7. If you could switch places with someone in the band, who would it be and why?

I would switch places with Nicole D’Amico, my backup singer. Her life has been filled with interesting trips into the South American jungles to learn about and take Iowaska. She has also traveled America on the hippie festival circuit, which I’m sure has accumulated her a few raunchy stories.

8. You guys post Fancast videos all the time. What’s your favorite part about making the episodes and why is it so important for you to share them with your fans?

The weekly FANCASTS are both great practice for me to talk casually to my audience and also super therapeutic for me as a person. I think it its important to keep giving the people who enjoy my music a little gift ever week. The gift can be either a new song or an insight to how the creative process goes down when writing songs, playing shows and recording. They go up every Friday after 12 noon on our website, dcaprules.com.

9. You guys have recently released a new EP.  How have the responses been to the music?

People and fans definitely dig this new EP called, “#m2yi.” That stands for Music To Your Internet. People hear about their new music through the internet these days as if their high speed connection is their ears.

Anyways, I wish I had more to report on the new EP’s success. The guys over at Stone Otis Studios did a great job with the engineering of the record however, DCAP has done little to support the release. Since the records’ masters for the new EP were stolen and never returned by a fox named Frank Fox we were never able to get the mix and master we wanted for these 5 songs.

It was and has been the biggest step back that this line up of The After Party has had to deal with. The CD release may not have been what we wanted, but our fans came out hard and we did get to give them a few CDs that were relinquished by the fox.

We are ready to record again. Hopefully we have luck on or side with this, our 4th effort.

10. Is there a song on the EP that you are particularly proud of?

I am proud of finishing the whole EP. When you go into a studio to record a batch of songs there is always one or even two that come out to different from how you hear them in your head. Often you must scratch these songs of the record you are making. With this EP we were motivated, focused and able to plough through these problems with creativity in the recording process. When instrumental parts didn’t come out how we wanted or expected we worked with what we had.

In the midst of recording this record I came down with appendicitis and production stopped on #m2yi for over a month. It was hard to step away from the project for that long, but in the end the time away gave us the perspective we needed to get the 5 songs to sound how we wanted then to sound.

I am also very proud to have had fine guitar work done by Eddie Konapasek of Faces in the Floor, Will Barry of Four Point Restraints, Patrick McHugo of Ghost of Rory and Aaron Darter of Why I Rise. You can always expect amazing local musicians to be on any DCAP record.

11. Where do you find the inspiration for your songs?
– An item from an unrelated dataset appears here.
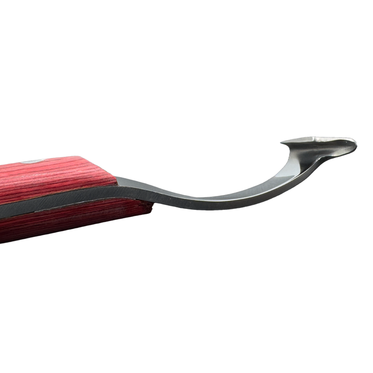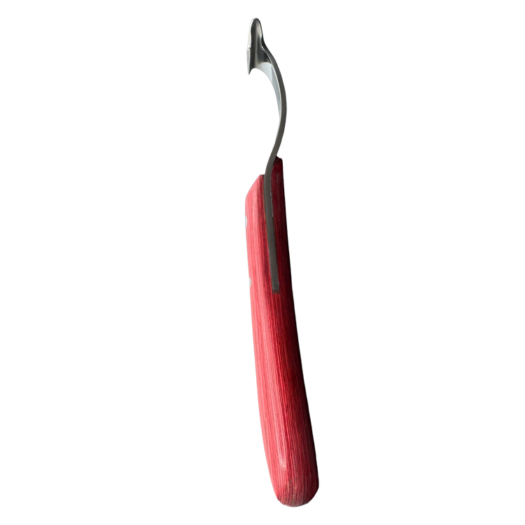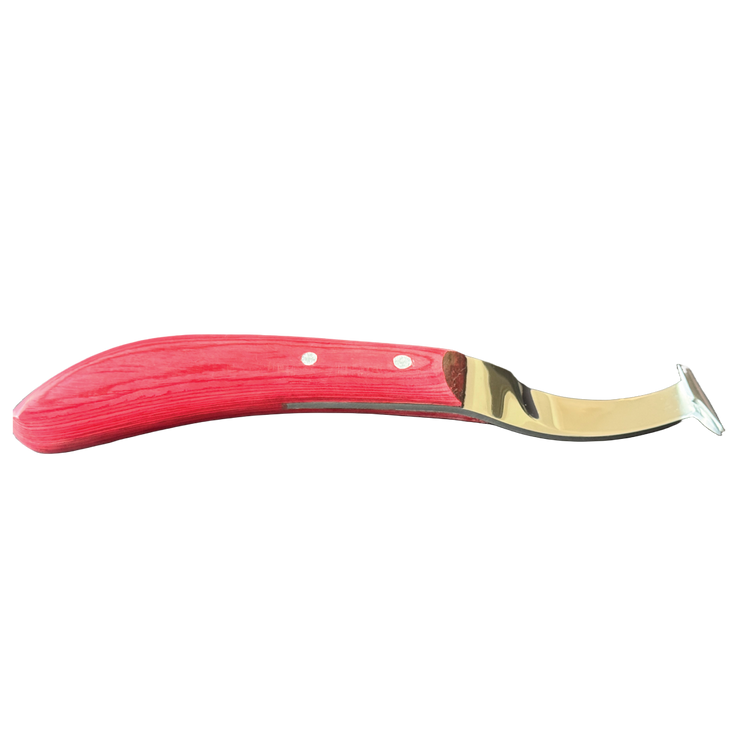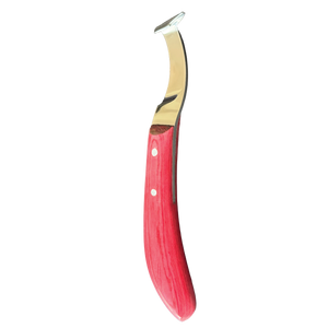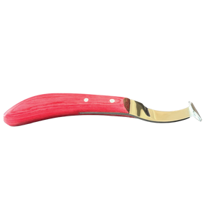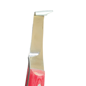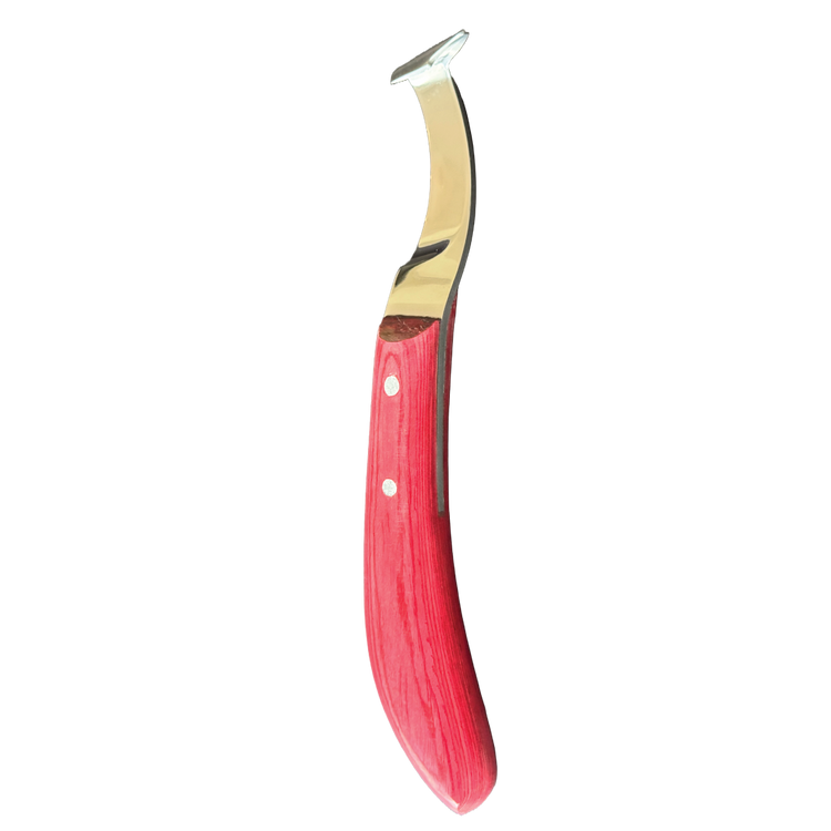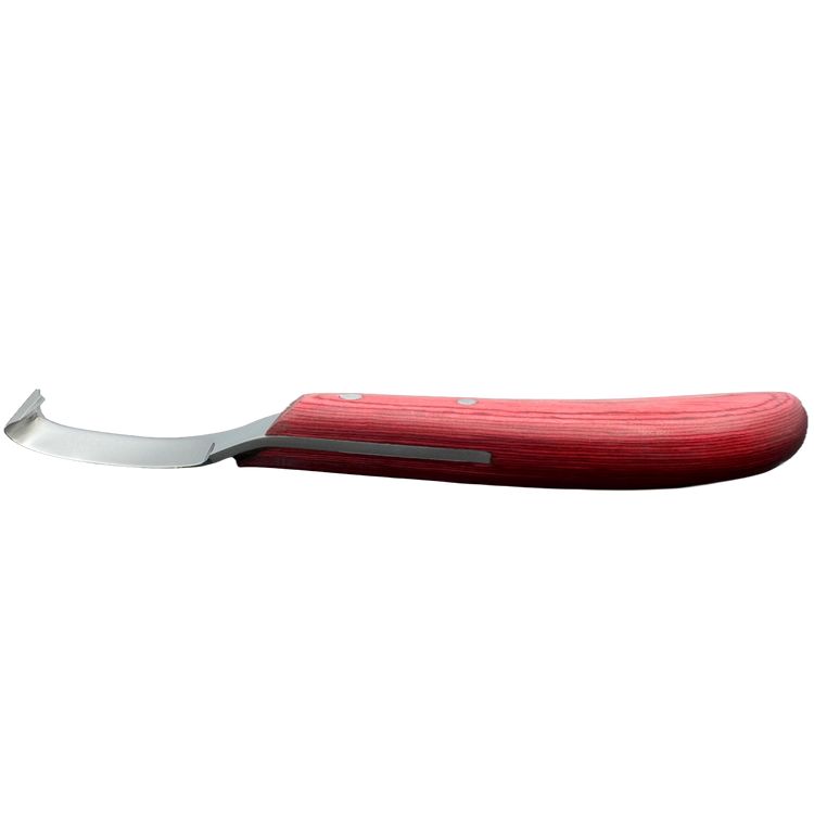 This high-quality hoof and claw knife is the ideal tool for professional care of horses, sheep, and goats. Made of rust-resistant stainless steel and equipped with an ergonomically shaped handle made of robust hardwood, it fits comfortably in the hand and allows for precise, fatigue-free work – even during extended use.

Motivation to write these days comes from forcing myself to write songs on a weekly basis for the FANCAST. I used to write so I could have new material at shows for fans to hear. That is still true, but now its in a weekly basis for our podcast.

As far as the inspiration for the songs’ meanings and feelings, that lyrically and musically will come from who I am. From “Sallie,” off our new EP, which is about me breaking up with my student loan provider to an older song, “Providence and the Guitar,” which is about living life as an independent musician and entrepreneur. All in all, many of the songs tell stories of pieces of my life.
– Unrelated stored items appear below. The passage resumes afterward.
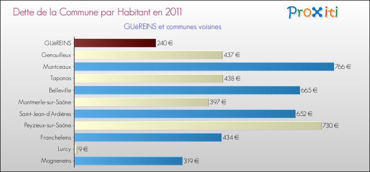 Par rapport aux 1 266 habitants de Guéreins, en 2011 le poids de cette dette représente 240 € par habitant.
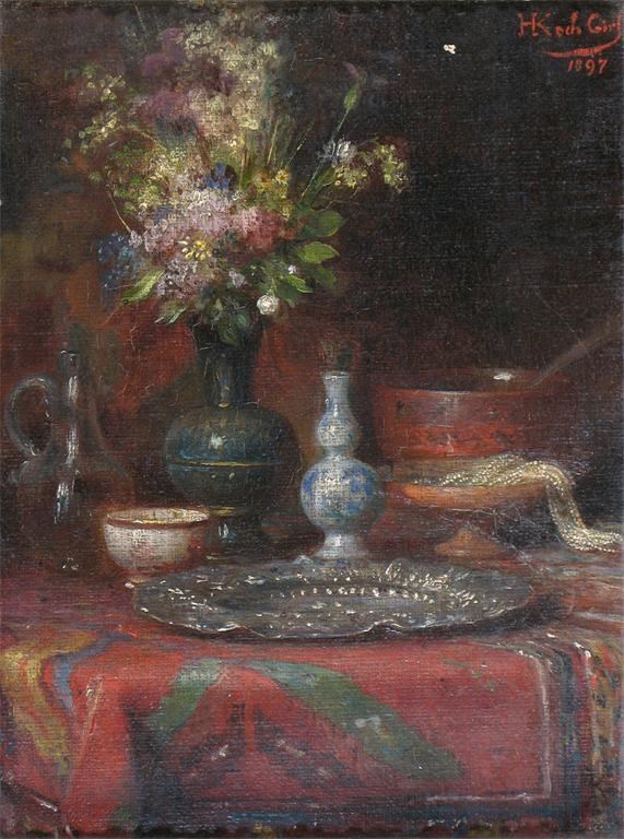 H. Koch Girl (Continental c. 1900) Still life of a vase of flowers and other items on a table ...
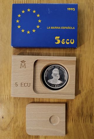 Moneda de plata de 5 Ecu conmemorativa de la Marina Española del año 1995. Se presenta en su estuche de madera y envoltorio de carton. Tiene un peso de 33,62 gramos de plata de 925 mm. o lo que es lo mismo una Onza Troy de Plata Fina (31,10 g.) - Diseño de Don Juan de Austria. - Año de acuñación: 1995. - Valor nominal: 5 Ecu. - Material: Plata.
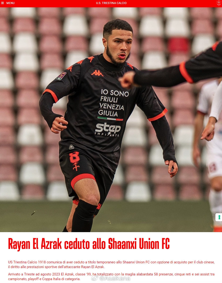意丙聯(lián)賽球隊的里雅斯特人(US Triestina)官方宣布,該隊的荷蘭球員拉揚·埃爾阿茲拉克(Rayan El Azrak)以租借并附買斷條款的方式加盟中甲新軍陜西聯(lián)合。埃爾阿茲拉克今年25歲,司職中場/邊鋒。曾在阿賈克斯、烏特勒支等隊接受青訓(xùn),后效力于芬洛、馬斯特里赫特等隊,2023年夏天加入的里雅斯特人,為該隊出場58次,打進5球。
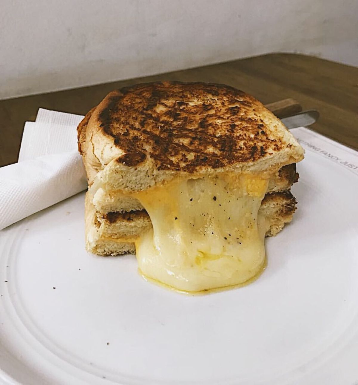 - TEKAN perlahan dengan spatula. Panggang selama 3-4 menit sampai roti berwarna kecokelatan. Balikkan roti dengan hati-hati dan panggang sisi satunya lagi hingga keju meleleh dan roti berwarna kecokelatan.
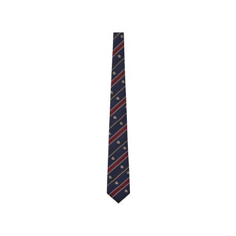 トラディショナルなラインと紋章にラメを入れたネクタイ。後ろ側に共地で小剣通し(ループ)がついています。イーストボーイのリボン・ネクタイは生地から縫製まで全て日本製。手作業で丁寧に作られているので温かみのある製品に仕上がっています。シャツやニット、女神のカラーにもベストマッチな色柄が揃っています。
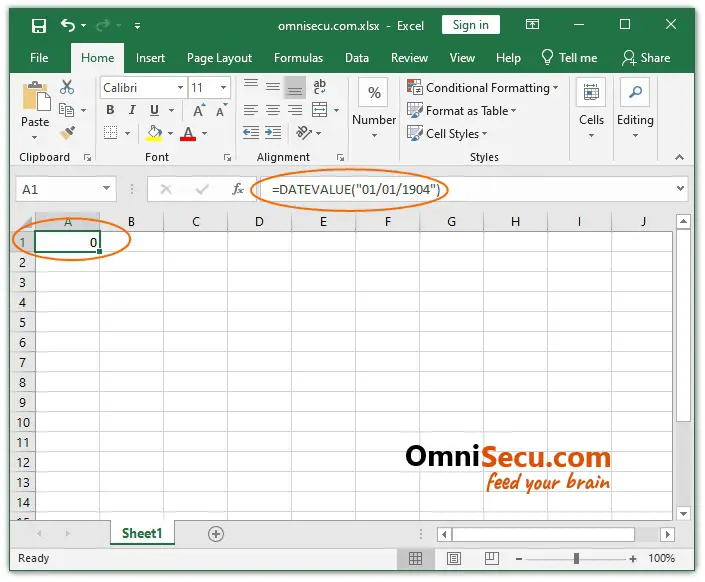 Date values in Excel are stored internally as numeric values. The first day of 1900 date system is considered as January 1, 1900. The default date system for Excel is 1900 date system. To verify this, we can use an inbuilt function in Excel, DATEVALUE. The DATEVALUE inbuilt function in Excel converts a date in its text format to its corresponding date serial number.
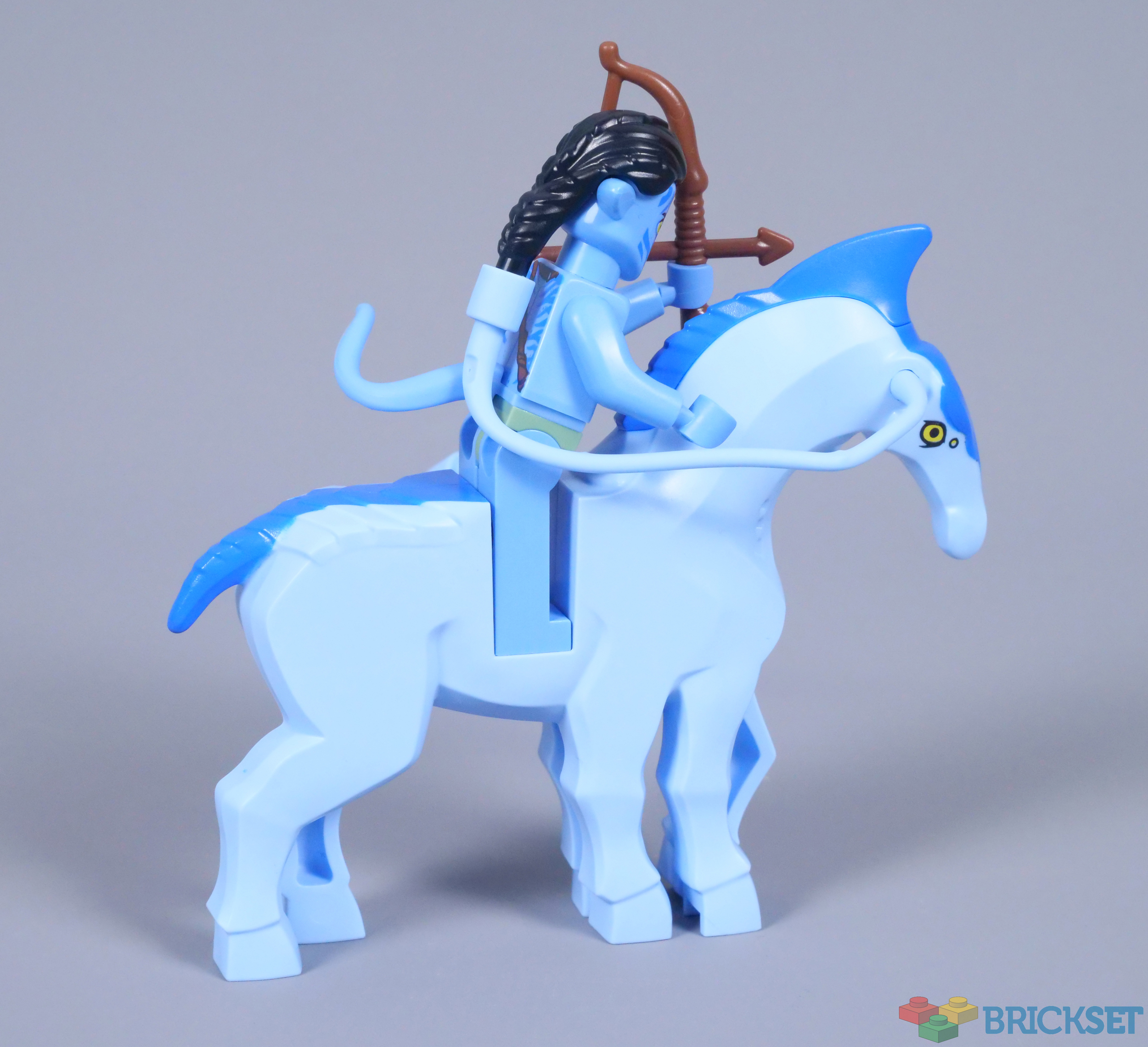 Unfortunately, neither the head nor any of the legs are articulated. Choosing to omit articulated joints has improved the accuracy and detail of this figure, but some motion would have improved its display potential. Nevertheless, you can remove the 1x1 bricks with clips from its body, which creates space to place a minifigure in the gap. Additionally, the flexible queues can connect to a Na'vi minifigure's hair, recreating their bond from the film.

For other songs I have the need to tell a story that I see in my head. Like in the song, “Lowest Lake,” of our first disc, I describe a drug deal gone wrong in the midst of the winter months ending with an addict falling to his death on a iced over lake. Similarly in “Ready Or Not,” off our second effort I wrote a story of a person being stalked, which is something I have been unfortunately dealing with off and on for years now.

All in all, the inspiration comes easily once I am motivated and have my acoustic guitar in hand.